Memory leak in libtorch even after using torch::NoGradGuard no_grad;

There is a memory leak in libtorch and its occupies lot of space. Here is my code,

#include    <unistd.h>
#include    <iostream>

#include <torch/script.h>
#include <torch/torch.h>
#include <torch/utils.h>

#include    "fReader.h"
//#include <cuda_profiler_api.h>

int main (int argc, char *argv[])
   // each of the fReader, fReader1 and  fReader2 occupies 700MB. 
    void    *fReader = NULL;
    void    *fReader1 = NULL;
    void    *fReader2 = NULL;
        //torch::NoGradGuard no_grad;
        torch::NoGradGuard no_grad_guard;

        fReader = videoReader::Init ( url1);
        fReader1 = videoReader::Init ( url2 );
        fReader2 = videoReader::Init ( url3) ;
      //// decoding only for one fReader for example
        pOutData        = 0;
        nResult = videoReader::GetVideoFrame (pReader, &pOutData);
        auto options = torch::TensorOptions().device(torch::kCUDA, 0);    
        auto input_tensor = torch::from_blob(pOutData, {1, 640, 360, 3}, options);

    } while (1);
    return 0;

Here, I am trying to reach camera feed through fReader, which is initializing the camera feed.
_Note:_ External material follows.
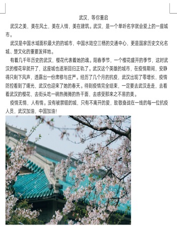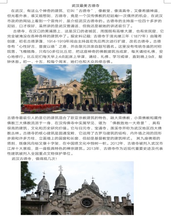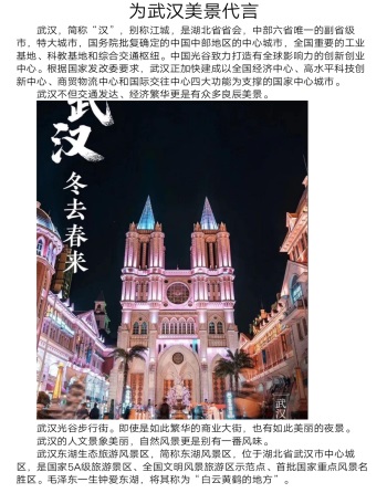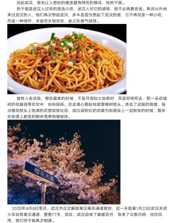 随着武汉的解封,武汉人民也在慢慢恢复往常的生活。为了让更多的人了解武汉、爱上武汉,该院特意举办了此次活动。活动要求同学们以图片和文字相结合的形式宣传武汉特色。大家自行上网寻找心目中最具武汉特色的美食或者风景图片,再结合自己的感受完成作品。热腾腾的热干面、武汉大学校园里的樱花雨、历史悠久的亭台楼等等,这些出现在参赛者作品里的实物都突显了最真实的武汉,也是同学们心中最美的武汉。活动中,同学们积极参与,线上气氛十分活跃。
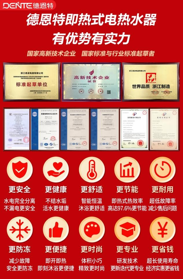 德恩特品牌于2002年将其全球化战略延伸至中国,并成立了专注于快速加热技术的科研基地。2005年,正式成立“德恩特电器”,将全系即热式电热水器产品推向中国市场。品牌深耕“水家电”领域二十余年,现已形成宁波、湖州两大研发生产基地,建立了设计、制造、销售与服务为一体的生产经营网络。德恩特定位为“专业热水解决方案提供者”,产品涵盖即热式电热水器、燃气热水器、小厨宝、净水机等,面向家庭、酒店、学校、医院等多类场所,致力于24小时全天候满足用户热水需求。

Its similar to OpenCV, except that it gives output in cuda memory. When I initialise the camera feed without the libtorch library, each of the camera feed takes 200 MB, but initialising the camera feed with libtorch, it takes around 700MB for each initialisation fReader1, fReder2 and fReader3.
GPU memory consumption when initialising the camera feed without libtorch : 600 (3 x 200) MB
GPU memory consumption when initialising the camera feed with libtorch : 2100 (3 x 700) MB

Note that the camera feed gives out as cuda array, which I am converting to torch using torch::from_blob().

Even when I am using torch::NoGradGuard no_grad_guard; there is no change in memory consumption. I am no idea how there is extra memory consumption for each initialisation as every library loaded only once as shared library.